Hi All,
I just thought I would throw some possibly useful information into the record. It might help future members as well as answer some of the questions that have been asked recently in this thread (and others).
When I first got my mechanical valve, it took me a long time to get my INR in range, and it took a larger than typical dose of warfarin to do it.
I was curious to see what the typical warfarin maintenance dose actually was, and where my dose (12.5/day) fell in the distribution. The only paper I could find at the time that had this information was this one:
http://www.futuremedicine.com/doi/ab...7410541.4.1.11
" Individualizing warfarin therapy"
by Kristen K Reynolds, Roland Valdes Jr, Bronwyn R Hartung & Mark W Linder
At the time, I was able to download a free PDF copy of the full paper, but it now appears to be behind a payment firewall.
Figure 2 of this paper (shown below) gives the weekly dose distributions from the authors' study of maintenance dose within their sample population.
Figure is at:
https://drive.google.com/file/d/0B_A...Qjg/view?pli=1 in case it doesn't embed properly in this post.
(Sorry, please use above link to view the figure. I get a "not authorized" error when trying to embed the image)
As you can see, the typical ACT patient seems to average about 5 mg/day which is 35 mg/week.
At 12.5 mg/day (87.5 mg/week) I am off the scale on this chart. So, my own particular maintenance is clearly a 3-sigma case on the high side of daily dose. Nevertheless, this is not any cause for concern. It takes what it takes, and the important measurement is not how much warfarin you take, but rather your INR as a result. At 12.5 mg/day I'm far from setting any records, but clearly anything over 10mg/day would be considered a high dose per this chart.
The paper does make a few interesting points that are a bit technical, but important to note.
1. Our individual response to warfarin is determined primarily by genetics, more so than by age, body weight/size or exercise/activity, although those are also contributing factors.
2. The mechanism that comes into play when you are first adapting to the warfarin and building to a stable blood concentration is controlled by a different genetic factor than the one driving the short-term vitamin-k antagonism process. This explains why it can take some people many days, or even weeks to climb to their final stable warfarin range, while others achieve stability after only a few days. FYI, it took me about three weeks to get into range taking my maintenance dose of warfarin after I had to bridge from some surgery. It also took several weeks to get into range initially.

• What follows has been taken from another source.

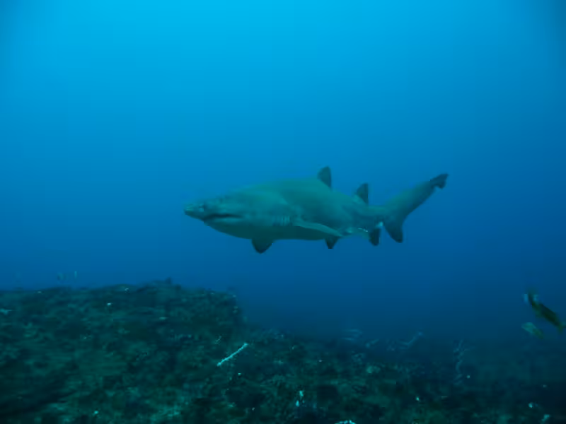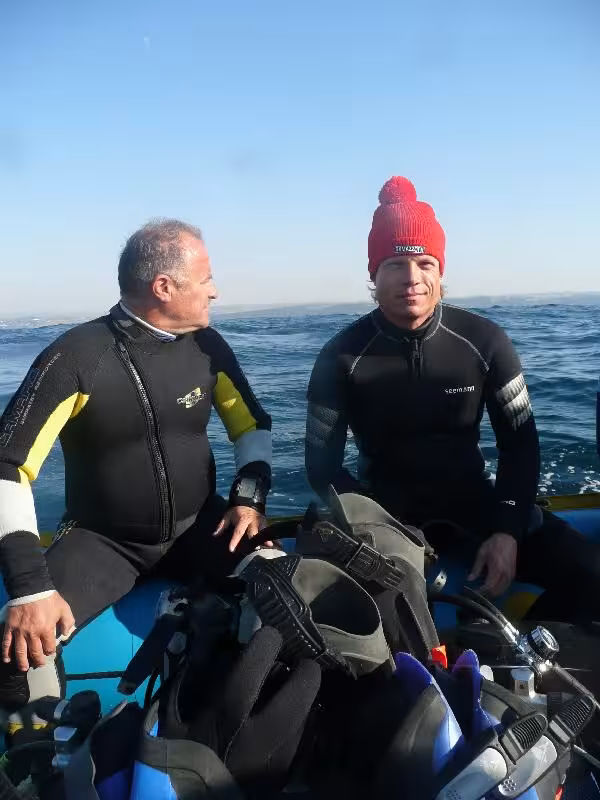 Heute versuchen wir unser Glück nochmal an den Protea Banks, die letzte Chance, vielleicht doch noch ein paar "Raggies" zu sehen, wie die Sandtiger hierzulande genannt werden. Der erste Tauchgang an den Southern Pinnacles verläuft ziemlich ergebnislos, vor lauter Verzweiflung fotografiere ich sogar meine Mittaucher. Erfolgsmeldung dafür beim 2. Tauchgang, in den Höhlen liegen heute immerhin so an die 20 Raggies. Na also. Nachdem ich sie 5 Minuten lang beobachtet habe, frage ich mich allerdings, warum ich sie unbedingt sehen wollte. Sandtiger sind nämlich extreeeem träge. Eigentlich hovern sie nur bewegungslos einen halben Meter über dem Meeresgrund und bewegen sich ansonsten möglichst überhaupt nicht. Genau wie ich halt. Unfassbar finde ich, dass dieser Hai zusammen mit dem Bullenhai an Platz 3 der Haiunfallstatistik stehen soll (hinter Weißem Hai und Tigerhai). Wie kann es mit so einem Tier, dass ich fast schon als lahmarschig bezeichnen würde, zu Unfällen kommen? Da muss der ein oder andere U/W-Idiot versucht haben, dem Hai einen Knoten in die Rückenflosse zu machen oder eine neue Frisur zu verpassen, anders kann ich mir solche Zahlen nicht erklären. Wie auch immer, da die Raggies nun schon mal hier sind und ich zufällig auch, nutze ich die Chance und springe mit Michael und Roland noch zu einem 3. Tauchgang ins Wasser, während der Rest der Truppe die andere Option wahrnimmt, und sich schon mal unter die heiße Dusche begibt. Auch eine Alternative ... Unsere finde ich aber spätestens in dem Moment besser, in dem vor dem Sprung ins Wasser 10 m hinter unserem kleinen Schlauchboot ein südlicher Glattwal vorbeizieht. Ratzfatz ist Michael samt Kamera im Wasser, aber beim Sprung ins Wasser verliert er wohl etwas die Orientierung. Der Wal ist jedenfalls verschwunden, bevor Michael auf den Auslöser drücken kann. Schade ...

The short-term INR response to missing a dose (or 2) can be very quick, and much different from the longer term stabilization time - depending on your particular genetic makeup. In my search for a simple dose-to-INR model, I was unable to find a simple 3rd order equation that matched my own short-term INR response to missing a dose (or 2) and subsequent recovery by taking my normal dose (or more).
I concluded that the mechanisms involved are more complex than a simple curve-fitting model can accurately predict.

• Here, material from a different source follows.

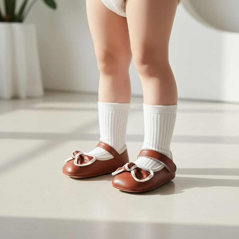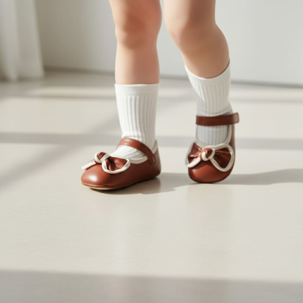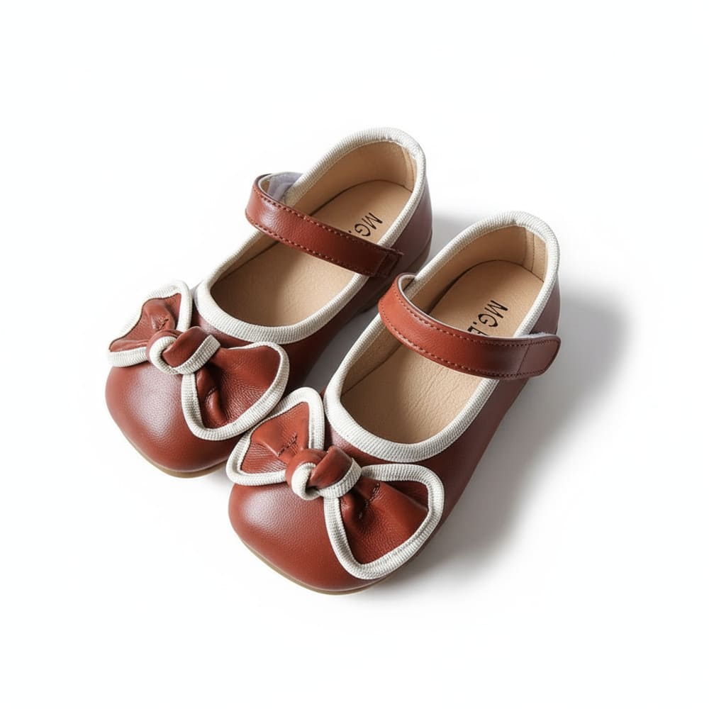 Girl’s brown Mary Jane shoes with white trim and large bow

I did, however, stumble upon this article:
http://www.biomedcentral.com/1472-6947/15/7
"A Bayesian decision support tool for efficient
dose individualization of warfarin in adults and
children"
with available Java application for download that implements the set of differential equations described in the paper.
I plan to give that model a try and see if I can find coefficients that will allow me to more accurately match my own particular metabolism's response and model/predict the optimal recovery from any future faux-pas in my ACT.